Diese Veranstaltung ist öffentlich. Wenn Sie anonym bleiben möchten, registrieren Sie sich bitte mit einem nicht identifizierbaren Benutzernamen. Bei Fragen dazu kontaktieren Sie mich einfach unter JoAnn@sisterhoodofsupport.org. ~ JoAnn
35 Kommentare zu „Bewerten Sie Ihren Therapeuten“
Cheryl Vance (LMFT), Indianapolis, IN.
Eine nette Frau, aber sie hatte keine Ahnung von dem Trauma, mit dem ich zu kämpfen hatte. Ich traf sie etwa drei Wochen nach dem Vorfall und war emotional völlig am Ende. Sie drängte mich, zu hinterfragen, ob ich Mordgedanken hätte, weil ich wütend auf das war, was mein Mann mir, meiner Nachbarin und meiner Ehe angetan hatte. Das fand ich überhaupt nicht in Ordnung. Wer wäre nach so einem Vorfall nicht wütend? Dann schlug sie vor, ich solle mich mehr auf meine Arbeit konzentrieren und weniger auf meine Genesung (Recherche, Selbstfürsorge usw.). Sie meinte, Geldverdienen gebe einem ein Gefühl der Stärke. Stimmt schon … aber nicht, wenn man kaum aus dem Bett kommt und sich die Zähne putzen kann. Sie verstand überhaupt nicht, wie sehr mich das Verhalten meines Partners traumatisiert hatte.
Candace Risen, LISW, Beachwood, OH – DAUMEN RUNTER. Mein Ex-Mann begann im Juli 2015 eine „Therapie“ bei ihr, und sechs Monate später war die Ehe beendet. Sie ließ ihn Carnes' Bücher kaufen; sie fand, ich sollte nicht wissen, wann er sie aufsuchte; sie hält es für „irrtümlich seitens des Partners“, zu glauben, dass eine Offenlegung irgendeine Erleichterung bringen würde; sie glaubt nicht an die Wirksamkeit von Lügendetektortests. Muss ich noch mehr sagen? Sie ist ein Carnes-Fan.
Delyse Ledgard, Vancouver, BC. Absolut nicht empfehlenswert. In einem 20-minütigen Kennenlerngespräch erklärte sie auf meine Frage, wie sie mit Partnern von Sexsüchtigen umgeht, sofort, dass sie nicht an Sexsucht glaube und Affären und Untreue ein Beziehungsproblem seien. Ich hakte in einer E-Mail nach, woraufhin sie meinte, ich hätte sie missverstanden. Wohl kaum. Sie bietet zwar Traumatherapie an, aber ich frage mich, wie effektiv diese in einem Umfeld gewesen wäre, in dem ich das Gefühl hatte, sie betrachte mich als Teil seines Problems und ihr Fokus liege ausschließlich auf der Sexsucht. Ich vermute, dass hier auch Gaslighting im Spiel war.

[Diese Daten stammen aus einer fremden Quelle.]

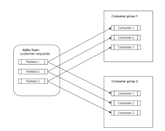 消费者订阅一个主题,然后它将开始从该主题接收数据。消费者可以在消费者组中定义(只是一个标签)。但是,使用这个消费者组对于扩展负载来说是一个关键点。消费者组与kafka主题之间的关系就像一个发布-订阅服务,其中订阅者是整个消费者组。

Laurie Kennedy, eine angeblich „sehr nette Frau“, war völlig unfähig, irgendjemandem zu helfen. Sie kannte mich seit fünf Jahren, wusste aber nichts über Pornografie und wollte sich auch nicht darüber informieren. Ich fragte sie dreimal – auch in Therapie –: „Haben Sie darüber gelesen?“ Jedes Mal verneinte sie. Ich sagte ihr, wie beschämt und wütend ich bin. Ihre Standardantwort: „Es geht Sie nichts an.“ Man solle versuchen, ihn nicht zu beschämen.
Nachdem ich sie angerufen hatte, hinterließ ich eine Nachricht, dass ich nicht wiederkommen würde, da sie sich nicht weitergebildet hatte und ihre Ausbildung nicht zielführend war. Sie rief mich zurück und meinte, sie „spüre“, dass wir unterschiedliche Wege gehen würden. Ich rief sie erneut an und sagte: „Nein, ich bin gegangen, weil Sie sich nicht weiterbilden wollten.“ Meine Erfahrung zeigte, dass sie den Anschluss an die Materie verloren hatte und niemanden in diesem Bereich beraten sollte. Ich empfand sie als distanziert und abweisend gegenüber meinen Bedürfnissen.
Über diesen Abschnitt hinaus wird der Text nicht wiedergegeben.